The report Digital inclusion and wellbeing in New Zealand was prepared by Arthur Grimes and Dominic White of the Motu Economic and Public Policy Research.

DIA commissioned the report following release of the Digital Inclusion Blueprint to determine which groups have a lower likelihood of being digitally included in New Zealand and why, and how digital inclusion relates to waiora/wellbeing.

Minister for government digital services Megan Woods announced the blueprint in May, saying it had been designed to help New Zealanders take full advantage of the internet, and help the Government identify groups that struggle to access online services.

She said the blueprint would be used to coordinate the planning of different Government and community initiatives, and identify where future investment and action were needed.

Motu found those in social housing and people with disabilities appearing to be particularly disadvantaged with respect to internet access.

“Just 69 percent of those living in Housing NZ (or local equivalent) social housing report having access to the internet, compared with 91 percent reporting access across all respondents,” it said.

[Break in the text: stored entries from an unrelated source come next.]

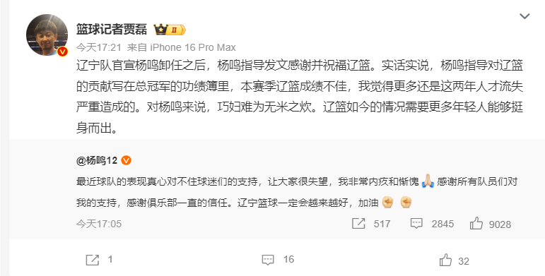 熟悉的个人身体原因,杨鸣指导辞职也登上了热搜,因为大家都知道辽宁男篮刚刚经历了一波四连败,杨鸣指导很可能是球队的替罪羊。
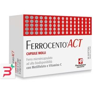 Ferrocento Act - Integratore di Ferro, Acido Folico e Vitamina C - 30 Capsule Molli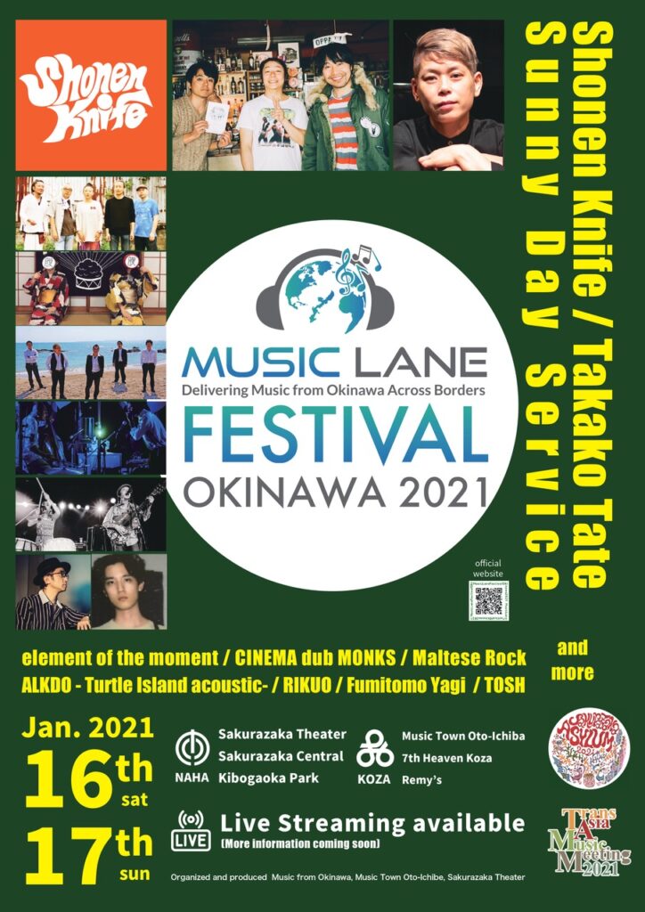 (Okinawa City, Japan — December 22, 2020) The trend of hybrid and online music showcase and conference festivals is set to continue next year with the debut edition of Music Lane Festival Okinawa in Japan on January 16 and 17, 2021 at select venues in the cities of Okinawa and Naha. The foreign lineup and its international conference program—the annual Trans Asia Music Meeting (TAMM)—will stream online for free.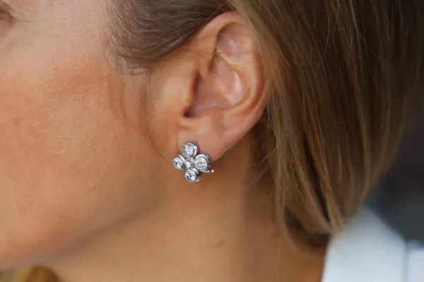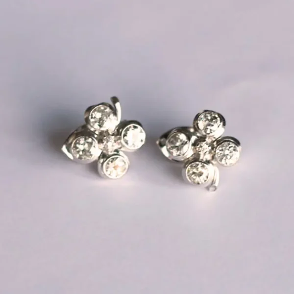 Par de pendientes trébol en oro blanco con diamantes.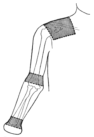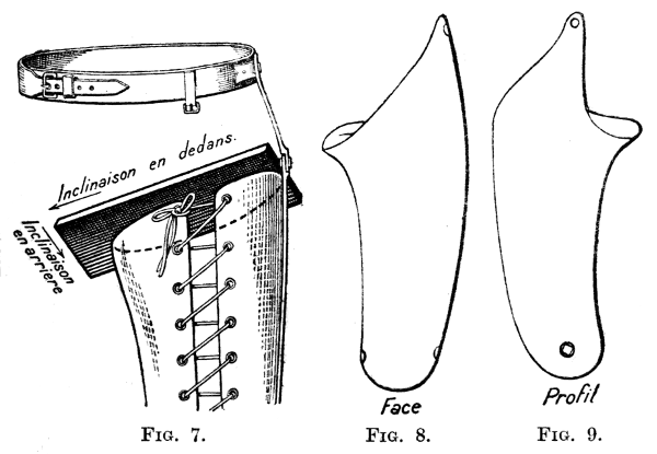 Throughout the volume it will be found that we[xiv] express a preference for the construction of artificial limbs for the lower limb out of wood, the method adopted by the Americans. This procedure, because strength and durability are so necessary, seems to us to constitute a very real advance; these considerations are, however, of much less importance in the case of the upper limb. It is a matter for regret that the French official instructions have not compelled our manufacturers to adopt this technique, too often the latter are inclined to keep to their old routine, but they can be induced to alter it, as we have proved by our success at the Fédération des Mutilés.

“Only 71 percent of people with disabilities report having access to the internet. In the 2018 NZCVS [New Zealand Crime and Victims Survey] 17 percent of people with disabilities indicate having no internet access compared to the full sample where just five percent have no internet access.”

It described these gaps in internet access as “perhaps the most disturbing” and concluded they were potentially amenable to policy interventions.

“Most social housing is owned by the state. local authorities or NGOs. The social housing provider could take the initiative to install WiFi (or other technologies) to enable internet access by tenants,” the report said.

“Provision of such infrastructure may be considered of similar importance to provision of water, sewerage and electricity to these tenants. … Similarly, many people with disabilities are already subject to some form of care by state agencies or NGOs. These authorities may consider enabling internet use for their clients as a key intervention to improve the opportunities for those with disabilities to connect with the rest of society.”